ADA: (Yet) Another Domain Adaptation library¶
Context¶
The aim of ADA is to help researchers build new methods for unsupervised and semi-supervised domain adaptation. The library is built on top of PyTorch-Lightning, enabling fast development of new models.
We built ADA with the idea of:
- minimizing the boilerplate when developing a new method (loading data from several domains, logging errors, switching from CPU to GPU).
- allowing fair comparison between methods by running all of them within the exact same environment.
You can find an introduction to ADA on medium.
Quick description¶
Methods from the main 3 groups of methods are available for unsupervised domain adaptation:
- Adversarial methods: Domain-adversarial neural networks (DANN) and Conditional Adversarial Domain Adaptation networks (CDAN),
- Optimal-Transport-based methods: Wasserstein distance guided representation learning (WDGRL), for which we propose two implementations, the second one being a variant better adapted to the PyTorch-Lightning, allowing for multi-GPU training.
- MMD-based methods: Deep Adaptation Networks (DAN) and Joint Adaptation Networks (JAN)
All these methods are implemented in
ada.models.architectures
.
Adversarial and OT-based methods both rely on 3 networks:
- a feature extractor network mapping inputs \(x\in\mathcal{X}\) to a latent space \(\mathcal{Z}\),
- a task classifier network that learns to predict labels \(y \in \mathcal{Y}\) from latent vectors,
- a domain classifier network that tries to predict whether samples in \(\mathcal{Z}\) come from the source or target domain.
MMD-based methods don’t make use of the critic network.
The full list of implemented algorithm with references can be found in the Algorithms implemented section.
Quick start¶
Take your favorite OS, terminal, environment and run:
git clone https://github.com/criteo-research/pytorch-ada.git
First you need to install the library. It has been tested with python 3.6+, with the latest versions of pytorch-lightning.
If you want to create a new conda environment, run:
conda env create -n adaenv python=3.7
conda activate adaenv
Install the library (with developer mode if you want to develop your own
models later on, otherwise you can skip the -e
):
pip install -e adalib
Note: on Windows, it could be necessary to first install pytorch and torchvision with conda:
conda install -c pytorch pytorch
conda install -c pytorch torchvision
pip install -e adalib
Run on of the scripts:
cd scripts
python run_simple.py
By default, this script launches experiments with all kinds of methods on a blobs dataset – it doesn’t take any parameter, you can change it easily from the script. It may take a few minutes to finish.

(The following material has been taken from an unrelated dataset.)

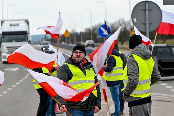 LVIV REGION, UKRAINE - FEBRUARY 22, 2024 - Polish demonstrators carry national flags as they block the traffic of Ukrainian trucks at the Shehyni-Medyka border crossing on the Ukraine-Poland border, Lviv region, western Ukraine., Credit:Anastasiia Smolienko / Avalon

Most parameters are available and can be changed through configuration
files, which are all grouped in the configs
folder:
- datasets
- network layers and training parameters
- methods (Source, DANN, CDAN…), and their specific parameters.
Advanced options¶
The script run_full_options.py
runs the same kind of experiments
allowing for more variants (semi-supervised, unbalanced, with gpus and
MLFlow logging). You can run it without parameters or with -h
to get
help.
MLFlow¶
You can log results to MLFlow. Start a MLFlow server in another terminal:
conda activate adaenv
mlflow ui --port=31014
Streamlit application¶
Optionally, you can use the streamlit
app. First install
streamlit
with
pip install streamlit
then launch the app like this:
streamlit run run_toys_app.py
This will start a web app with a default port = 8501. It should look like this in your browser:
Checkout the Getting started page to get a more in-depth description of how you can use configuration files to run most of your experiments.
Benchmarks results¶
MNIST -> MNIST-M (5 runs)¶
Method | source acc | target acc |
---|---|---|
Source | 89.0% +- 2.52 | 34.0% +- 1.71 |
DANN | 94.2% +- 1.57 | 37.5% +- 2.85 |
CDAN | 98.7% +- 0.19 | 68.4% +- 1.80 |
CDAN-E | 98.7% +- 0.12 | 69.6% +- 1.51 |
DAN | 98.0% +- 0.68 | 47.0% +- 1.85 |
JAN | 96.4% +- 4.57 | 52.9% +- 2.16 |
WDGRL | 93.9% +- 2.70 | 52.0% +- 4.82 |
MNIST -> USPS (5 runs)¶
Method | source acc | target acc |
---|---|---|
Source | 99.2% +- 0.08 | 94.2% +- 1.07 |
DANN | 99.1% +- 0.15 | 93.8% +- 1.06 |
CDAN | 98.8% +- 0.17 | 90.7% +- 1.17 |
CDAN-E | 98.9% +- 0.11 | 90.3% +- 0.98 |
DAN | 99.0% +- 0.14 | 95.0% +- 0.83 |
JAN | 98.6% +- 0.30 | 89.5% +- 2.00 |
WDGRL | 98.7% +- 0.13 | 85.7% +- 6.57 |
See Benchmarks results for more complete benchmarks.
Contributing¶
Code¶
You can find the latest version on github. Before submitting code,
please run black
to have clean code formatting:
pip install black
black .
Documentation¶
First pip
install sphinx
, sphinx-paramlinks
,
recommonmark
. Generate the documentation:
cd docs
sphinx-apidoc -o source/ ../adalib/ada ../scripts/
make html
Citing¶
If this library is useful for your research please cite:
@misc{adalib2020,
title={(Yet) Another Domain Adaptation library},
author={Tousch, Anne-Marie and Renaudin, Christophe},
url={https://github.com/criteo-research/pytorch-ada},
year={2020}
}